#POSTBABYHANKYPANKY: SHARING OUR KNOWLEDGE ABOUT SEXUALITY DURING THE TRANSITION TO PARENTHOOD
#PostBabyHankyPanky: Sharing our Knowledge about Sexuality During the Transition to Parenthood By Megan Muise, Research Co-ordinator (Originally Posted October 2018)
Welcoming a new baby into the family is often a time filled with joy and excitement for couples. During this time couples are also faced with many new challenges, including strain on their romantic and sexual relationship. Research has shown that parents experience sharper declines in relationship satisfaction when compared to non-parents over the same period of time and that this decline continues beyond the first year postpartum [1]. Unfortunately, expectant parents aren’t provided with much information about how their sexual relationship will change during this transition, with the exception of being told when they can resume intercourse. In an online survey conducted by the Couples and Sexual Health Lab at Dalhousie University, 50% of pregnant North American women report being given absolutely no information about changes that may occur to their sexual relationship after childbirth [2]. Upon recognizing the lack of information being given to new parents about their changing sexual relationship, Dr.
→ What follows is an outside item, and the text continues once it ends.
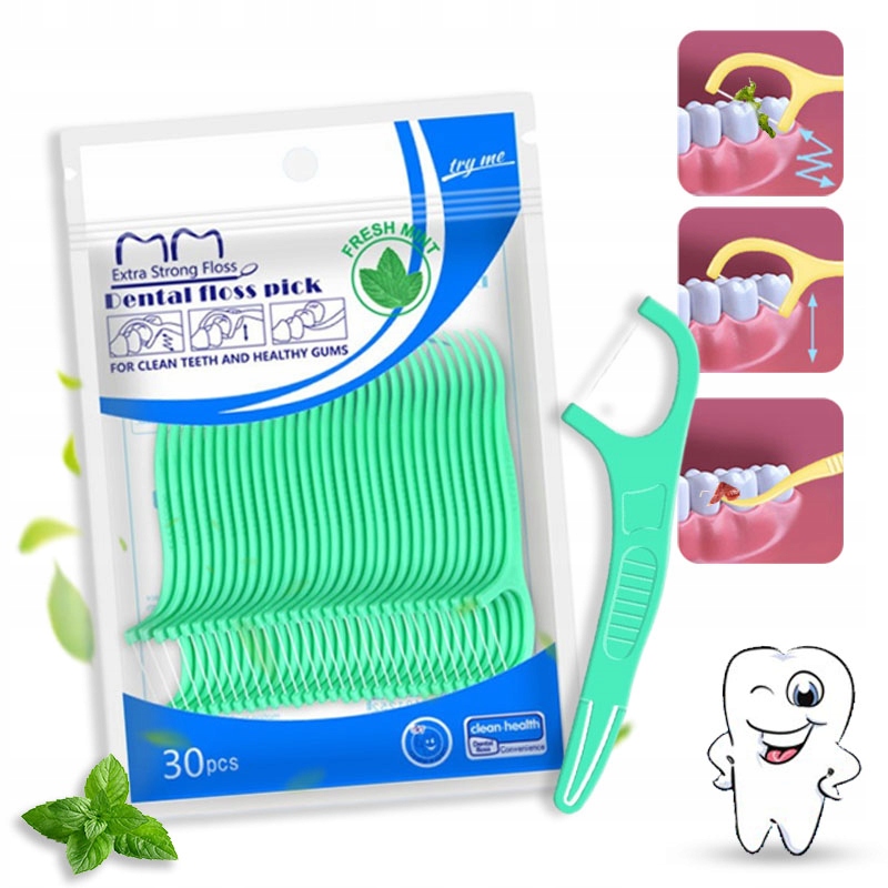 MOCNA I SKUTECZNA NICIO WYKALACZKI NIĆ DENTYSTYCZNA DO ZĘBÓW MIĘTOWA 30 SZT

Natalie Rosen and her research team at Dalhousie University decided to create resources based on their previous research. Although scientific research articles are often readily available online, they are not always easily understood or interpreted. For this reason, many researchers have been focusing on knowledge translation, which refers to a project that shares scientific research with the general public. Creating material that is easily digestible and can be shared via social media can help get research findings out of academic journals and into the hands of the people that really need it.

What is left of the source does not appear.